There was a long pause. Finally, Eve responded.
“Fine. You need to activate the bypass. It should be easy. In the far right corner of the room, if you're standing in the doorway, should be a maintenance hatch. Open it, go down inside, there's a big red level. Pull it.”

“You got it, boss,” Enzo said, marching across the room.

Eve sighed and killed the connection once more. He found the hatch, knelt and opened it up. The hole it led into was dark. The light from the room overhead was just good enough to show a body down there in a pool of blood. Frowning, Enzo pulled out his knife, then lowered himself into the narrow opening. He landed with a soft grunt beside the body. It was a security guard, he was glad to see. It looked like he'd been shot several times.

Probably crawled in here to die,
Enzo thought.

He knelt and began patting the man down, hoping for a good find. After a minute, he had it, extracting a pair of magazines.

“Thank God-” he began, then screamed as the body shifted and a Slug that had been hiding somewhere near it squealed and leaped for him.

Enzo had good reflexes and consequently managed to bring his knife up and around in a tight arc, spearing the Slug and slamming it into the wall. Sparks shot as the tip of the blade hit the metal and dug in a few centimeters. The Slug let out a long squealing wail as it writhed around on his blade.

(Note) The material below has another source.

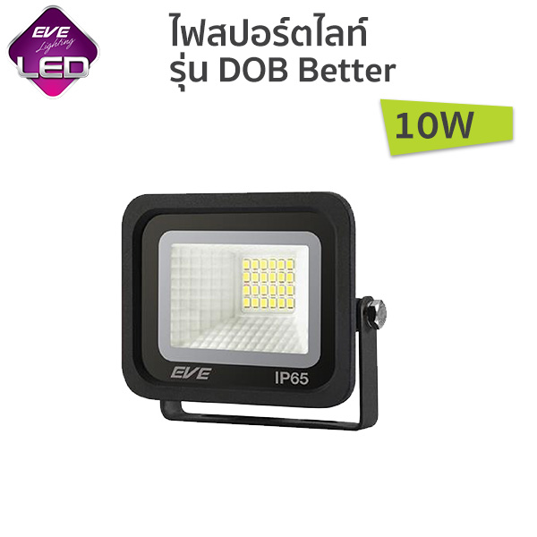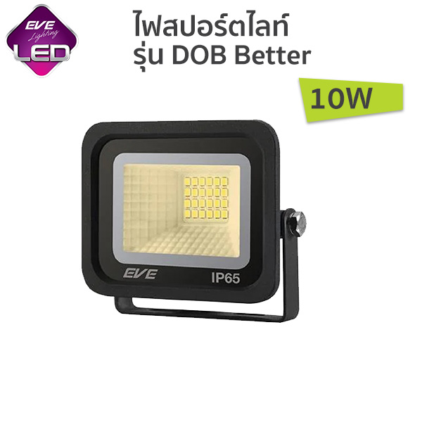 ไฟสปอร์ตไลท์-EVE-LED Floodlight รุ่น DOB Better ตัวโคมสปอร์ตไลท์ผลิตจากอลูมิเนียม หล่อขึ้นรูป มีความแข็งแรง ทนทาน ด้านหลังตัวโคมมีแผงระบายความร้อน สามารถระบายความร้อนได้ดี ช่วยยืดอายุการใช้งานของเม็ดแอลอีดี (LED) ได้นานยิ่งขึ้น มีขนาดกระทัดรัด น้ำหนักเบา ขายึดสปอร์ตไลท์ ผลิตจากเหล็กพ่นกันสนิม ปรับมุมเงยได้ถึง 180° สามารถยึดกับพนังหรือยึดกับพื้นได้ มีแสงให้เลือก 2 แสง ได้แก่ แสงขาว (Daylight) และ แสงส้ม (Warm White) มาตรฐานกันน้ำกันฝุ่น IP65 เหมาะสำหรับติดตั้งภายใน และ ภายนอกอาคาร ในบริเวณที่ต้องการแสงสว่าง เช่น สวนสาธารณะ ป้ายโฆษณา สนามกีฬา หรือ เขตก่องสร้าง เป็นต้น

Enzo stared at the hideous creature while it died, frowning, studying it. These things...were they made? The idea that could have naturally evolved to be able to so thoroughly overtake and subvert a species that it had likely never come into contact with previously was a bit too much for him. Something that had been designed, on the other hand...

He had to see that ship, figure out what they were doing here.

He was just too curious not to.

Enzo freed the corpse, then reloaded his pistol and pulled the switch. There was a sharp hum of power and the tiny room lit up. He let out a sigh of relief and climbed back up. Before heading back out into the main area, Enzo took a moment to check out the infopad he'd snagged. He sat on the floor, facing the only entrance to the room, and booted it up. Ten minutes went by while he sorted through a technician's personal logs. There weren't that many, all of them written down instead of verbally recorded. The man must've been paranoid.

Though not paranoid enough to keep his thoughts to himself.

It seemed that Syberia Station was just a much a mystery to him as it was to Enzo. More, actually, given the fact that Enzo had been let in on its secrets by Eve. The man spent all his time on this level and another several stories above, what amounted to the living quarters section for all the technical personnel that helped maintain the base. He was deeply curious about what they were keeping from him, and called those above him members of Dark Operations. Enzo frowned. He'd heard that phrase before, not just the time Eve had said it.

More than usual lately, now that he thought about it.

What exactly
was
Dark Ops?

He had the rough idea that they were the shadowy branch of the government that did all the things governments weren't supposed to. Assassination, illegal research, spying. All the interesting stuff. But before he'd always heard them referred to as the Office of Intelligence. That fit with what Eve had said. Lately the phrase Dark Ops had been popping up in the shadier regions of the galaxy. Was
this
the kind of shit they were up to nowadays? It was akin to the Black Operations of old Earth, back before they'd all united under one banner (theoretically) and headed out into space.

Enzo discarded the infopad after figuring it would give him no more data. He stood back up and headed to the doorway. Opening it up, he became immediately aware of a sound. It was a horrible, disgusting slurping noise. It reminded him of someone trying to stuck down a particularly thick milkshake through a straw. It turned his stomach over. Enzo pulled out the pistol and paused, hesitating, then stepped out.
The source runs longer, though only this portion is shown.